Our proposed structure would ensure that the potential drastic financial consequences of the pandemic would permit the sharing of risks and rewards in a major rescue scheme at the euro area level, similar to the Troubled Asset Relief Program (TARP) used in the US after the global financial crisis. 

Conclusion

Our message is an urgent plea for a common European policy response to the global coronavirus pandemic. National solutions alone with nearly unlimited amounts of assistance in some core countries and strict limits elsewhere are destabilising. They risk worsening an already stressed European situation through inescapable side effects. 

Also, the nature of support needs rethinking. The massive provision of liquidity in the form of debt facilities is understandable, but ultimately many recipient firms will be over indebted, thus some equity-type risk sharing instruments are needed. Moreover, these instruments need credibility, which requires credible pan-European backing. Time is of the essence with a massive infusion of risk capital at the firm level, and possibly at the bank level. Once this crisis passes, as it will with sustained efforts, we will share the returns to these investments Europe-wide, since risk sharing and reward sharing are going hand in hand. These efforts will prepare working towards a better and stronger Europe.

Authors’ note: This column was first published as SAFE Policy Letter No. 79. SAFE policy letters represent the authors‘ personal opinions and do not necessarily reflect the views of the Leibniz Institute for Financial Research SAFE or its staff. We want to thank Johannes Kasinger and the SAFE Policy Center Team for their excellent guidance through the discussion and writing process.

References

Baldwin, R, and Weder di Mauro, B (eds) (2020), Mitigating the COVID economic crisis: Act fast and do whatever it takes, a VoxEU.org eBook, CEPR Press.

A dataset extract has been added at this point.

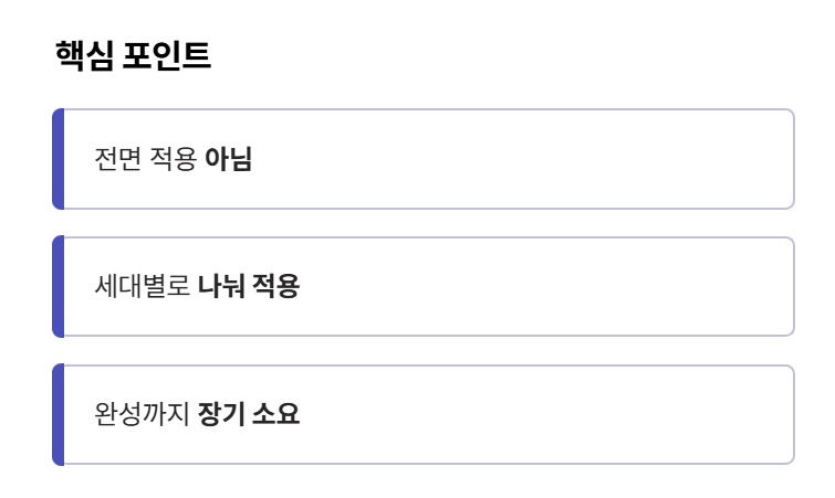 • 한 번에 전면 적용 아님

Boot, A, E Carletti, R Haselmann, H-H Kotz, J P Krahnen, L Pelizzon, S Schaefer and M Subrahmanyam  (2020), “The Coronavirus and Financial Stability”, SAFE Policy Letter 78.

German Federal Ministry for Economic Affairs (2020),  “A protective shield for employees and companies”, 13 March.

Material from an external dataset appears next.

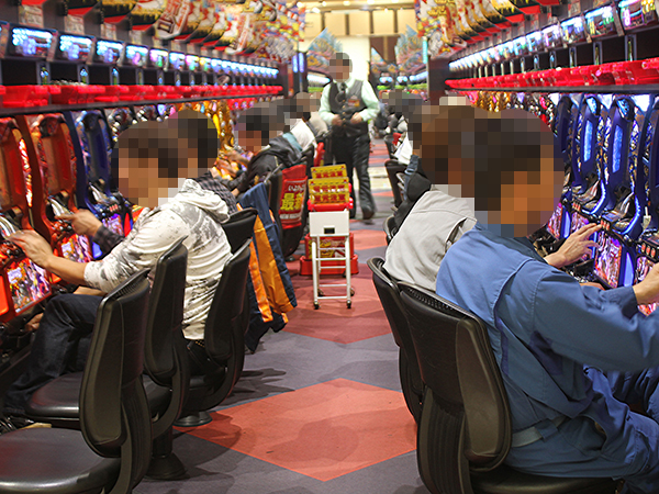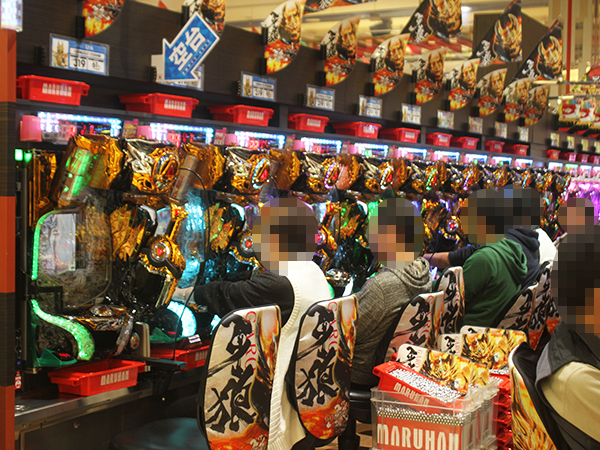取材時、店内には既に多くのプレイヤーが集結。あふれんばかりの笑顔を浮かべながら遊技を楽しんでいた。

Government of the Netherlands (2020), “Coronavirus: kabinet neemt pakket nieuwe maatregelen voor banen en economie”, 17 March.

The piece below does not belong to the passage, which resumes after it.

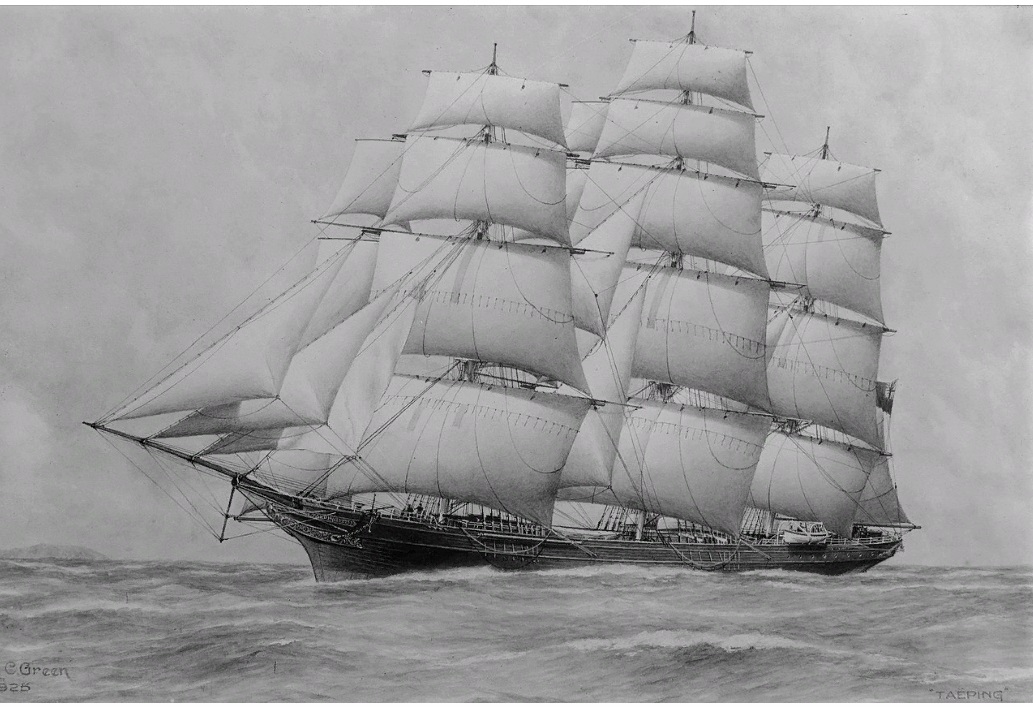 Заказанный Джорджем Томпсоном клипер спустили на воду в 1868 г. Всех, кому довелось лично увидеть «Фермопилы», корабль поражал, в первую очередь, необычной окраской: тёмно-зелёные борта при золотом бархоуте13 и белом рангоуте. Нос украшала скульптура предводителя греков в Фермопильском сражении – геройски погибшего спартанского царя Леонида. Уже для первого плавания подобрали экипаж первоклассных «гонщиков» в количестве 34 моряков.

European Council (2020), “Statement on COVID-19 economic policy response”, 16 March.

Endnotes

1 A more precise interruption estimate could be based on work done by professional epidemiologists, such as the World Health Organization/Imperial College Models.

2 E.g., for Germany: German Federal Ministry of Economic Affairs (2020); for the extensive Dutch measures, see Government of the Netherlands (2020)

3 We will devote a future SAFE Policy Letter to the further details on risk sharing policies and instruments during the pandemic crisis. This will discuss pan-European pandemic crisis investment funds financed by the participating states, using a common key, and possibly leveraged by institutional and private investors.